■ WORK TASK ■
Repeat, exactly as they appear, the lines from the one with "En modern, snyggt" through the last line of the entries below, but none of the pictures.
Segment Start: INFORMATION PROVIDED
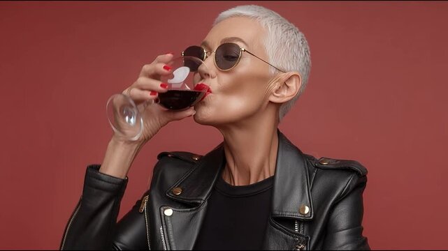 Joyful senior man wearing bright pink knitwear and wooden framed spectacles smiles widely against a vibrant background
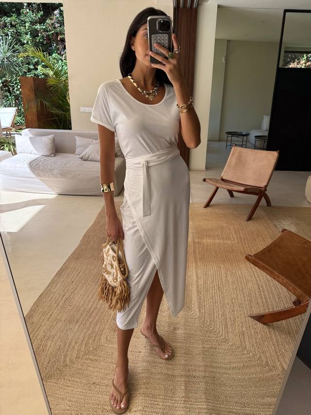 Самый продаваемый силуэт Never Fully Dressed из яшмы в сочетании с классической футболкой создаёт повседневный образ. Регулируемая застёжка-завязка позволяет сделать его максимально сексуальным или полностью закрытым.
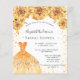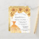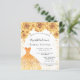 En modern, snyggt och glamorös inbjudan till en Möhippa, brunch. En vit bakgrund med faux guld glitter damm, en klänning och ro, blommigtar. Namn är skrivet med ett modernt handskript i stil. Anpassa och lägg till information om party. Baksida: Faux guld med gnistor.
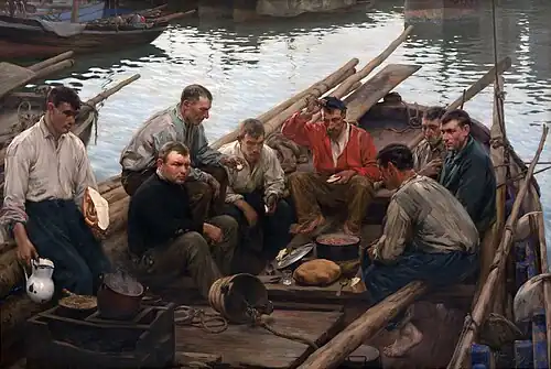 Beginning in 1892, he was a frequent participant in the National Exhibition of Fine Arts. He received an honorable mention in 1895 for "In the Studio". Two years later, he was awarded a Third Class prize for "¡Todo a babor"! (Hard to Port!). This was followed in 1899 by another Third Class prize for "La rifa de la ternera" (The Veal Raffle), During these years, he also provided illustrations for Blanco y Negro.[1]
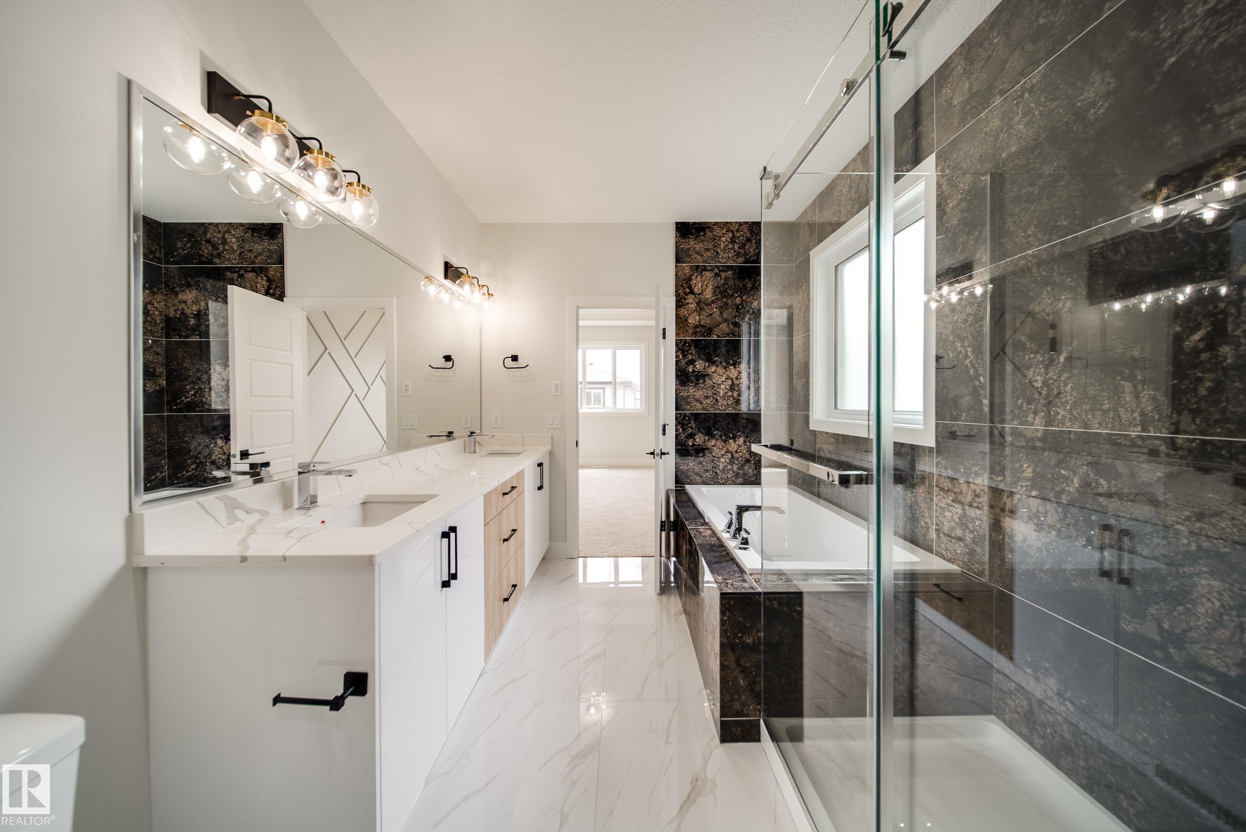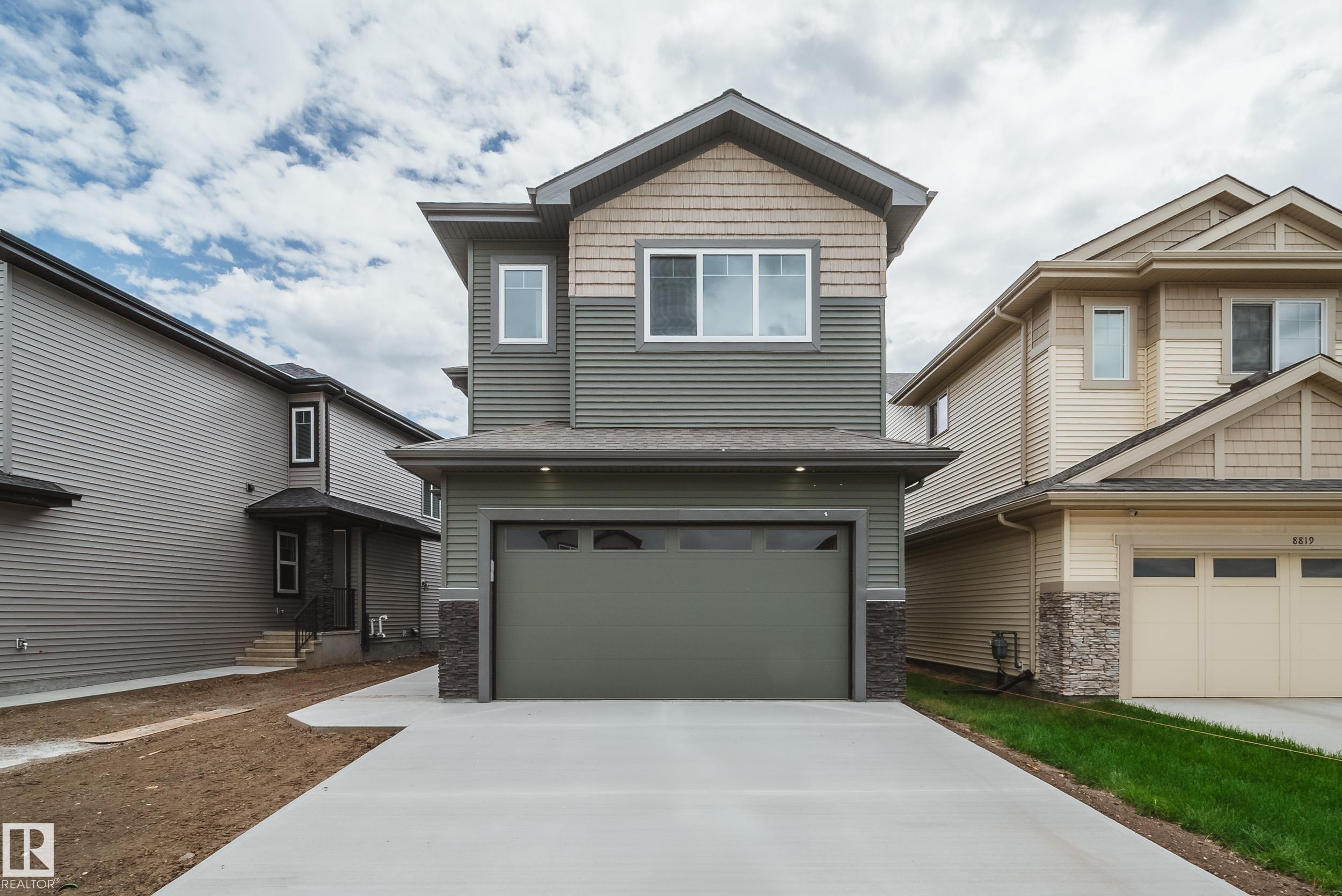 Welcome to this stunning over 2300 sq ft brand new home in College Woods. Featuring 4 spacious bedrooms, including TWO co-primary suites w/ensuites & walk in closets, this home offers both luxury & flexibility. The main floor bedroom doubles as a versatile den, perfect for a home office or guest room. Enjoy the 9-foot ceilings & an impressive OPEN-TO-ABOVE great room that fills the space with natural light. The chef-inspired kitchen provides ample space for cooking & hosting. Step through the kitchen door to discover a discrete SPICE KITCHEN for all your cooking needs, complemented by high-end finishes, like QUARTZ counters, tiled backsplash, & custom millwork & tiled feature walls. Upstairs, a large bonus rm offers additional space for entertainment or relaxation. With an attached garage & quality craftsmanship throughout, this home blends modern design with practicality. Located in the desirable College Woods community, this move-in ready gem is ideal for growing families or those seeking extra space.
Segment End: INFORMATION PROVIDED
■ ANSWER BOX ■
 En modern, snyggt och glamorös inbjudan till en Möhippa, brunch. En vit bakgrund med faux guld glitter damm, en klänning och ro, blommigtar. Namn är skrivet med ett modernt handskript i stil. Anpassa och lägg till information om party. Baksida: Faux guld med gnistor.
 Beginning in 1892, he was a frequent participant in the National Exhibition of Fine Arts. He received an honorable mention in 1895 for "In the Studio". Two years later, he was awarded a Third Class prize for "¡Todo a babor"! (Hard to Port!). This was followed in 1899 by another Third Class prize for "La rifa de la ternera" (The Veal Raffle), During these years, he also provided illustrations for Blanco y Negro.[1]
 Welcome to this stunning over 2300 sq ft brand new home in College Woods. Featuring 4 spacious bedrooms, including TWO co-primary suites w/ensuites & walk in closets, this home offers both luxury & flexibility. The main floor bedroom doubles as a versatile den, perfect for a home office or guest room. Enjoy the 9-foot ceilings & an impressive OPEN-TO-ABOVE great room that fills the space with natural light. The chef-inspired kitchen provides ample space for cooking & hosting. Step through the kitchen door to discover a discrete SPICE KITCHEN for all your cooking needs, complemented by high-end finishes, like QUARTZ counters, tiled backsplash, & custom millwork & tiled feature walls. Upstairs, a large bonus rm offers additional space for entertainment or relaxation. With an attached garage & quality craftsmanship throughout, this home blends modern design with practicality. Located in the desirable College Woods community, this move-in ready gem is ideal for growing families or those seeking extra space.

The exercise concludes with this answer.